C. The container did not inherit the account's default scope because the --default-encryption-scope configuration was not applied to the container at the time of its creation or update

D. The account's default encryption scope is applied only to new containers created after its definition, and blobs in existing containers require the scope to be explicitly specified during upload


Answer Key and Explanations​

Answer Key β€” Question 1​

Answer: B

Customer-managed keys (CMK) stored in Azure Key Vault are the correct mechanism when the organization needs full control over the key lifecycle, including manual rotation. The administrator defines when and how the key is rotated, without dependency on Microsoft.

Alternative A describes exactly the opposite of the requirement: MMK are managed by Microsoft. Alternative C combines blob versioning with MMK, which doesn't solve the key control requirement. Alternative D confuses immutability with encryption, which are distinct controls with different purposes.

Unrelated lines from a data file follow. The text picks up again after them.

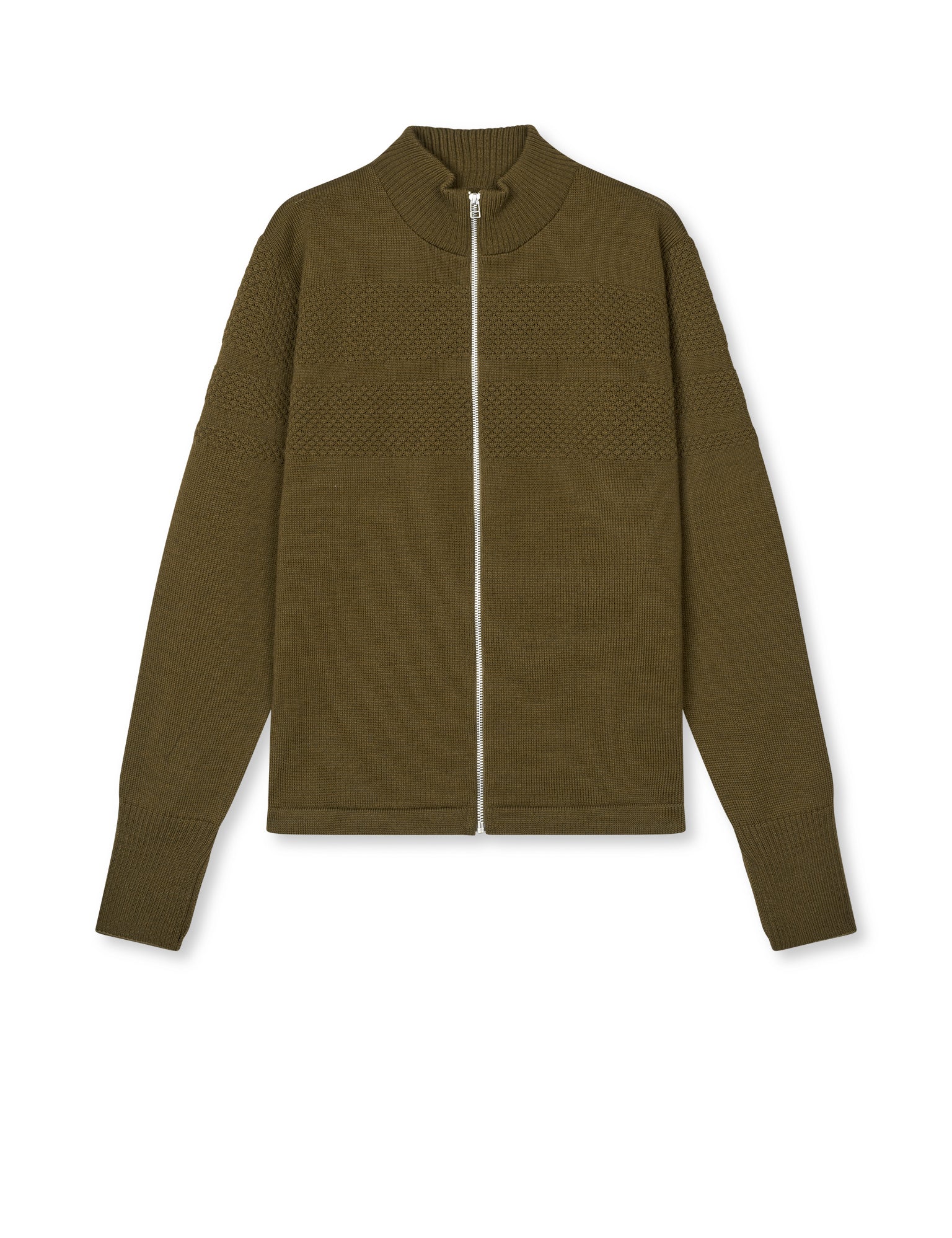Our all time classic, the knitted cardigan Wool Klemens Zip Knit, is made of 100 % wool. It is densely knitted, it is heavy and it is really warm. The edges are rib knitted, the neck is high, the fit is tight and the style is sailor.
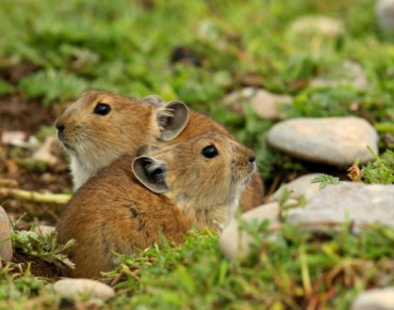 鼠兔主要分布于高原气候比较温暖湿润,阳光充足的宽谷、滩地和坡麓地带的草甸草原中,群栖穴居生活,其洞穴很复杂。
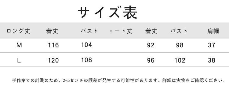 Size: M(ロング丈) M(ミディアム丈) L(ロング丈) L(ミディアム丈)
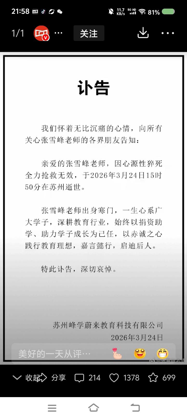 真的实锤了!张雪峰公司发文了!张雪峰老师因为心源性猝死抢救无效去世了!讣
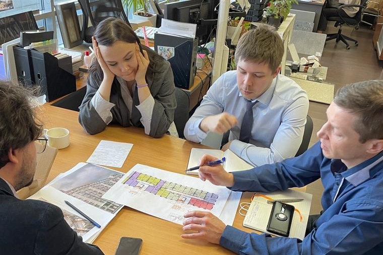 А на этом фото, например, недавнее совещание с коллегами из дирекции по строительству по новому проекту на Большевиков – погружались в тему с кондиционированием. Попросили коллег посмотреть, правильно ли проектировщик заложил ниши под кондиционеры на фасаде. И оказалось, что он не учел размеры внешних блоков – есть место только для шести, а квартир на этаже восемь. Если бы мы сейчас не «отловили» этот момент, люди бы через 4 года заселились в дом – и последние двое не смогли бы разместить свои кондиционеры. И таких моментов очень много в нашей работе – технических, дизайнерских и прочих тонкостей.
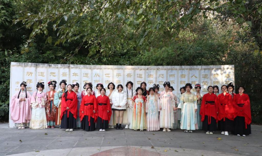 为了传播汉服文化,增强民族文化自信心,11月26日,伟德国际1949官网国学经典研教社顺利于师说碑举办了汉服展活动,并面向全校师生开展。
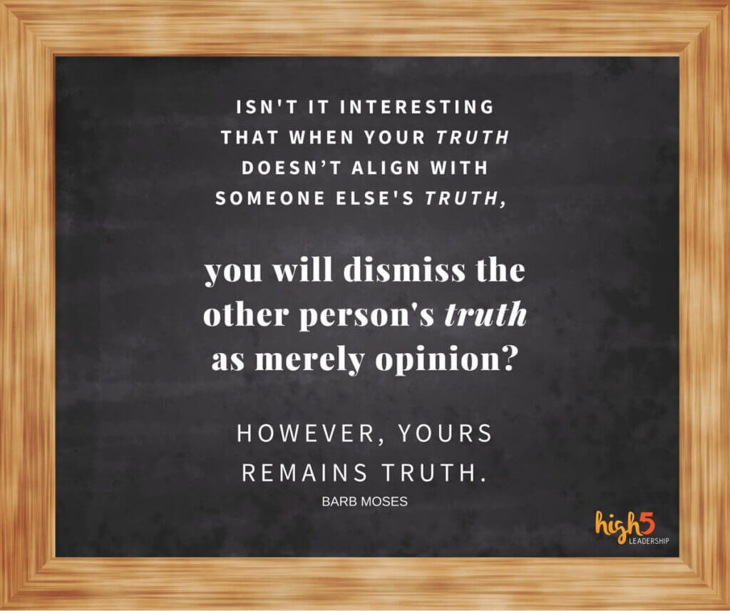 When our truth doesn’t align with someone else’s truth, it’s interesting how often we dismiss the other person’s truth as merely opinion. Yet, ours remains truth. This interaction often gets to the point where we are angry that others can’t see what is so clear to us. I asked the question in a blog a few months ago, “What if everyone is right?” What is it that makes us feel like we must be right and that everyone else should agree with us? To which, many of you are likely saying right now, “Because I AM right, Barb!”
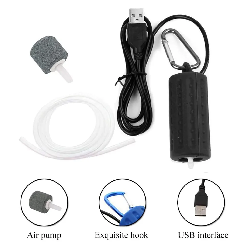 3. 【Kompakt und praktisch】: Unsere USB-Sauerstoffpumpe ist klein, leicht und tragbar mit einer haltbaren Schnalle. Sie können es leicht im Freien zum Angeln mitnehmen.
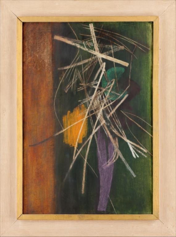 Artiste allemand naturalisé français au sortir de la Seconde Guerre mondiale, Hans Hartung est un précurseur de l’art informel parisien de l’aprèsguerre. D’abord inscrit à l’Académie des beaux-arts de Dresde, il découvre, lors d’un séjour à Paris en 1926, la peinture moderne française à l’Exposition internationale puis étudie brièvement à l’académie d’André Lhote (1885-1962) ainsi que dans l’atelier de Fernand Léger (1881-1955). C’est dans la capitale qu’il rencontre en 1929 la peintre norvégienne Anna- Eva Bergman, qu’il épouse une première fois (après leur divorce en 1938, il l’épouse à nouveau en 1957). Durant les années 1930, qu’il passe entre la France et l’Allemagne, il élabore progressivement sa méthode picturale, qualifiée de « spontanéité calculée » : sa peinture, qui semble retranscrire la spontanéité et la rapidité du geste, s’appuie en réalité sur des dessins préalables au tracé vif et automatique, ensuite mis au carreau, agrandis et transposés sur la toile. Composition fut réalisée durant une période difficile pour Hartung, qui, engagé durant la guerre dans la Légion étrangère, doit être amputé de la jambe droite à la suite d’une blessure au front en 1944. En 1945, dans un grand dénuement physique et moral, il apprend que nombre de ses oeuvres des débuts, restées à Leipzig chez sa soeur, ont été détruites. Il regagne alors son atelier à Arcueil, et affine son travail abstrait. Celui-ci est révélé lors de la première exposition personnelle de Hartung à la galerie Lydia Conti en 1947, qui signe les débuts de sa reconnaissance artistique : le critique d’art Jean-José Marchand écrit ainsi au sujet du peintre qu’il « est le seul de tout le Salon (avec Arp), qui donne une impression de liberté absolue vis-à-vis des théories ». Hartung connaîtra par la suite une consécration internationale avec le grand prix de la biennale de Venise en 1960, année qui ouvre une phase d’expérimentation picturale à travers l’utilisation de l’aérosol et du spray. Composition révèle un répertoire graphique auquel le peintre reviendra fréquemment, constitué de signes relevant d’une calligraphie personnelle rythmée, faite de saccades et de vrilles, se développant sur des bandes chromatiques verticales au sein d’une construction spatiale dynamique. Ce tableau a appartenu à Georges Desmouliez (1917-2004), conseiller municipal délégué aux beaux-arts et aux affaires culturelles de Montpellier, qui a défendu avec passion l’art abstrait de l’école de Paris dans la ville méridionale

The central misconception of the distractors is associating "more security" with more features, when the requirement is specifically about key ownership.


Answer Key β€” Question 2​

Answer: B

When an encryption scope is updated to use a new key source or new key, Azure automatically re-encrypts all data associated with that scope in the background. The process is transparent and requires no manual intervention nor causes unavailability.

Alternative A represents a common misconception: assuming that encryption in Azure works like on-premises systems where key changes require manual reprocessing. Alternative C is plausible but incorrect: re-encryption doesn't occur only on read, it's proactive. Alternative D contradicts Azure's actual behavior, which allows scope updates even with existing blobs.

Understanding that re-encryption is automatic and asynchronous is essential for planning CMK migrations without operational impact.


Answer Key β€” Question 3​

Answer: True

Infrastructure encryption adds a second layer of encryption at rest, operating below the service layer. The two layers use AES-256, but with independent keys: the service layer uses keys configured by the administrator (Microsoft-managed or customer-managed), while the infrastructure layer uses Microsoft-managed keys at the platform level.

This configuration is enabled at storage account creation time and cannot be activated on existing accounts. The main risk of marking as false is confusing double encryption with redundancy without value, when in practice it meets compliance requirements that demand encryption at multiple independent layers.


Answer Key β€” Question 4​

Answer: C

When the CMK key in Key Vault is disabled or deleted, Azure Storage loses access to the cryptographic material needed to decrypt the envelope keys that protect the data. The result is complete blocking: neither read nor write operations work until the key is restored and accessible again.

Alternative A represents desirable but non-existent behavior: Azure doesn't automatically fall back to MMK, as this would violate the key sovereignty model that CMK aims to guarantee. Alternative B is a misconception that underestimates the impact: reads also depend on the key. Alternative D describes behavior that never occurs, as Azure never generates keys in the customer's vault without explicit authorization.

This scenario reinforces the need for Key Vault access policies with proper monitoring and alerts when CMK is in use.


Answer Key β€” Question 5​

Answer: C

The default encryption scope defined on the storage account is not automatically propagated to existing containers. For a container to use a default scope, it must be explicitly configured with --default-encryption-scope during creation or through a subsequent update with az storage container set. Without this configuration on the container, blobs uploaded without specifying a scope in the upload operation use the account's default behavior, which may differ from the expected scope.

Alternative A is false: CLI respects encryption scopes normally. Alternative B is false: there's no behavioral distinction between portal and CLI for scopes. Alternative D is plausible but incorrect: the account's default scope applies to containers without their own configuration, except when the container has its own scope configuration defined, which is not the case described.